*** Opening of Recorded information ***

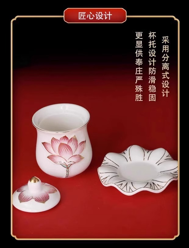陶磁器の給水カップは観音蓮の聖水杯を供えます。
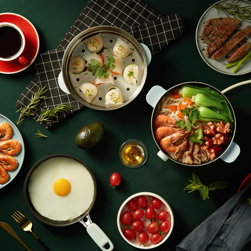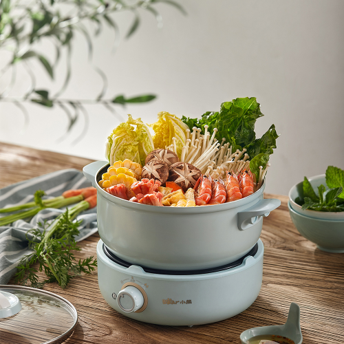 不同于普通的电火锅,这款小熊电火锅同时配备了蒸笼、煮锅、煎盘三种硬核配件,是个煮涮炒蒸煎烙样样擅长的全能选手。除了火锅功能之外,还能边涮火锅边烤肉,再来个鲜美的蒸海鲜,想想就口水直下三千尺。一锅多用,花样功能轻松pick!
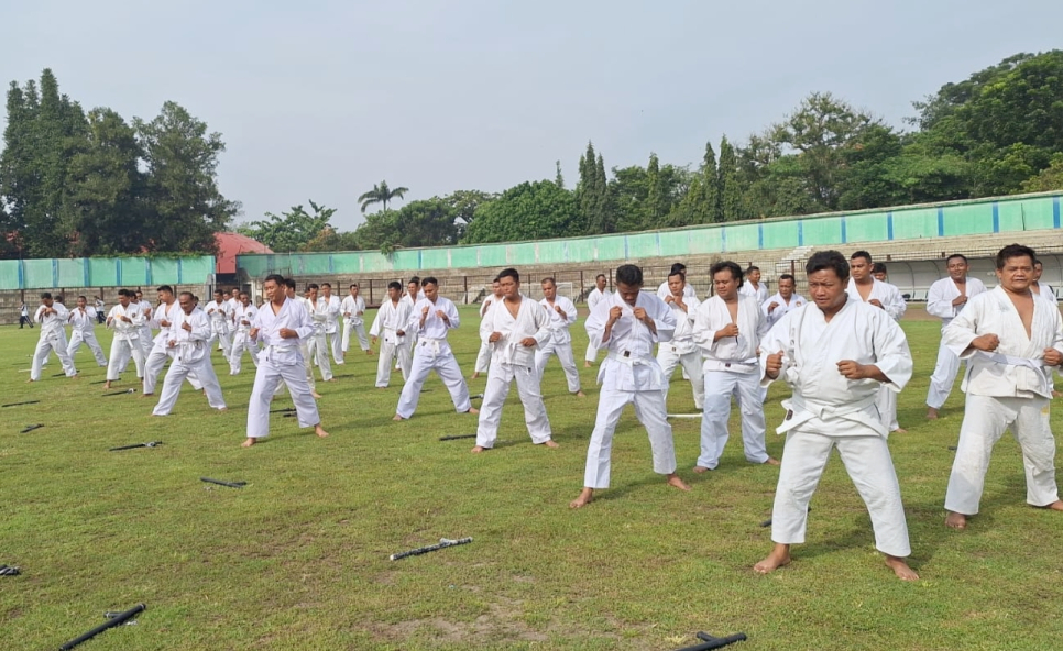 Sebanyak 141 personil Polresta Sleman memenuhi stadion Tridadi Sleman guna melaksanakan latihan beladiri Polri, beberapa materi yang dilatihkan meliputi teknik dasar beladiri polri, teknik beladiri polri tanpa alat dan teknik bela diri polri dengan alat.

*** Close of Recorded information ***

Exercise aim:
Drop the pictures; repeat the listing above exactly.

Answer to the exercise:
陶磁器の給水カップは観音蓮の聖水杯を供えます。
 不同于普通的电火锅,这款小熊电火锅同时配备了蒸笼、煮锅、煎盘三种硬核配件,是个煮涮炒蒸煎烙样样擅长的全能选手。除了火锅功能之外,还能边涮火锅边烤肉,再来个鲜美的蒸海鲜,想想就口水直下三千尺。一锅多用,花样功能轻松pick!
 Sebanyak 141 personil Polresta Sleman memenuhi stadion Tridadi Sleman guna melaksanakan latihan beladiri Polri, beberapa materi yang dilatihkan meliputi teknik dasar beladiri polri, teknik beladiri polri tanpa alat dan teknik bela diri polri dengan alat.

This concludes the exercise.